Nightly is an alternative pop band from Nashville, Tennessee, consisting of Jonathan Capeci and Joey Beretta, formerly of Dinner And A Suit and Nicholas Sainato. The band is currently independent and managed by Neon Coast

History
Cousins Jonathan Capeci and Joey Beretta grew up together around Philadelphia, Pennsylvania. Throughout their childhood and teenage years, they played in a number of bands together, but as they reached college, they dropped out and relocated to Nashville to pursue their project at the time, Dinner And A Suit. As that project dissolved, Capeci and Beretta regrouped with friends Stephen Cunsolo and Nicholas Sainato to form Nightly. The project lacked momentum until they signed with Interscope Records in July 2016 and began work on their debut EP.

After the release of the leading single, "XO" on May 10, Nightly's first EP, titled Honest, was released on October 21, 2016. The EP contained 4 songs, with "XO" being the most successful. Spotify featured "XO" on multiple playlists throughout the Summer, which skyrocketed it to over 2 million plays in a matter of weeks. Following the success of "XO, "Talk To Me" was the next promoted single from the EP.

On March 6, 2017, Nightly released their first music video for the track "XO" off of their debut EP. They collaborated on the video with Tobias Nathan and Jake Saner. Capeci said that they picked Nathan specifically for the video due to his grasp on color. They worked with Nathan again on their music video for "Talk To Me", which released on Youtube on June 27th, 2017.

The band toured extensively throughout the end of 2016 and beginning of 2017, opening for acts like Ke$ha, The All-American Rejects, Zella Day, and K.Flay. After being featured at the We Found New Music showcase at SXSW, they embarked on their first headline tour in April 2017, with support from Saint Mesa, the project of singer and songwriter Danny McCook. They finished out their year of touring with bands such as Urban Cone, The Struts, and The Night Game, while also playing at Bonnaroo for the first time.

On January 22, 2018, Nightly was announced as support for NF on his USA tour. They performed on 28 dates of this tour.
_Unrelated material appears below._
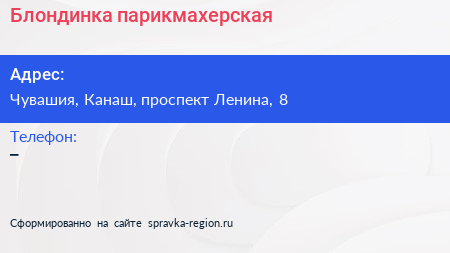 Блондинка, парикмахерская по адресу Чувашия, Канаш, проспект Ленина, 8 в дальнейшем Организация, размещена в следующих категориях:

While on tour, Nightly released their single "Miss You Like Hell" on February 16. Soon followed up by their single "Holding On", released on March 22.

In August 2019, the band announced that they had signed a new record deal with BMG. In the notes app screenshots they shared on social media, they also explained how challenging the past year was and that they needed to postpone their upcoming tour.

Nightly released their debut album, Night, Love You, on October 16, 2020.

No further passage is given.